• TASK PROMPT:
The full listing is to be returned exactly as given, but without pictures.
=== EXERCISE DATA ===
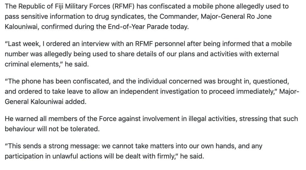 That corruption has now extended to the military itself with Kalouniwai’s admission that he has had to discipline one of his own soldiers for passing confidential information on anti-drug operations to ” external criminal elements”. (see below)
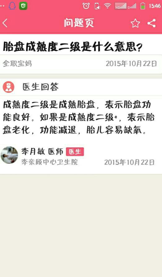 ﹏久爱不腻:胎盘早熟是因为宝宝吸收不上营养,所以就二级了
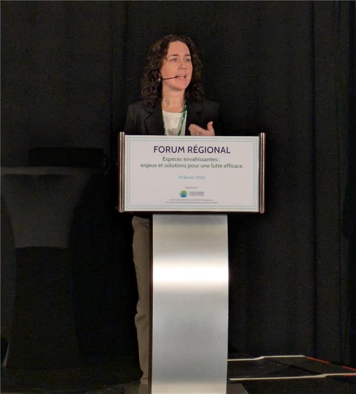 Photo : Mélodie Mondor, directrice générale du CRD, au Forum régional sur les espèces envahissantes © CRD
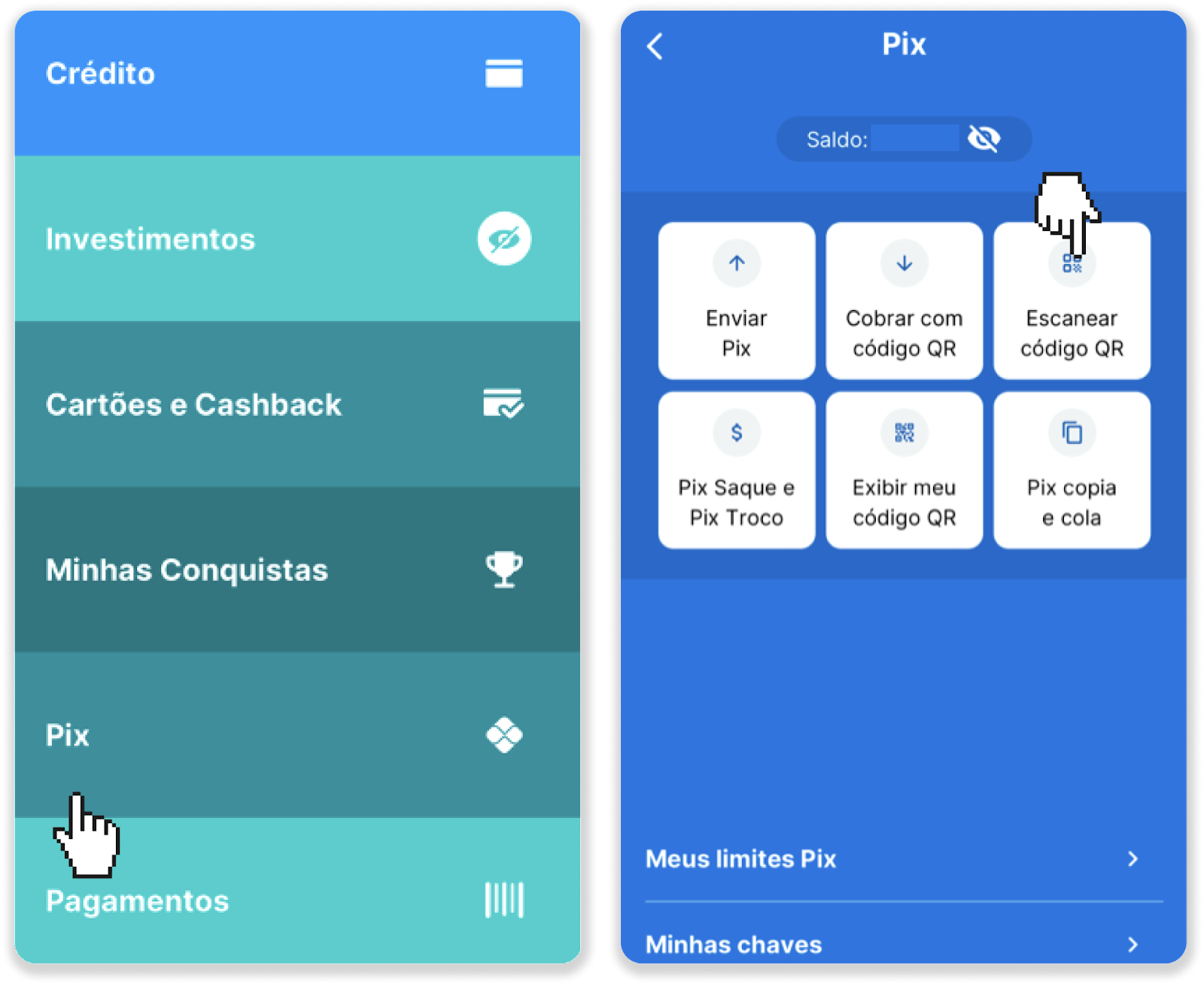 6. Acesse seu aplicativo bancário (estamos usando o Neon) e toque no menu Pix. Para digitalizar o código QR com a câmera, toque em "Escanear Código QR" e aponte a câmera para o código.
===
• TASK ANSWER:
 That corruption has now extended to the military itself with Kalouniwai’s admission that he has had to discipline one of his own soldiers for passing confidential information on anti-drug operations to ” external criminal elements”. (see below)
 ﹏久爱不腻:胎盘早熟是因为宝宝吸收不上营养,所以就二级了
 Photo : Mélodie Mondor, directrice générale du CRD, au Forum régional sur les espèces envahissantes © CRD
 6. Acesse seu aplicativo bancário (estamos usando o Neon) e toque no menu Pix. Para digitalizar o código QR com a câmera, toque em "Escanear Código QR" e aponte a câmera para o código.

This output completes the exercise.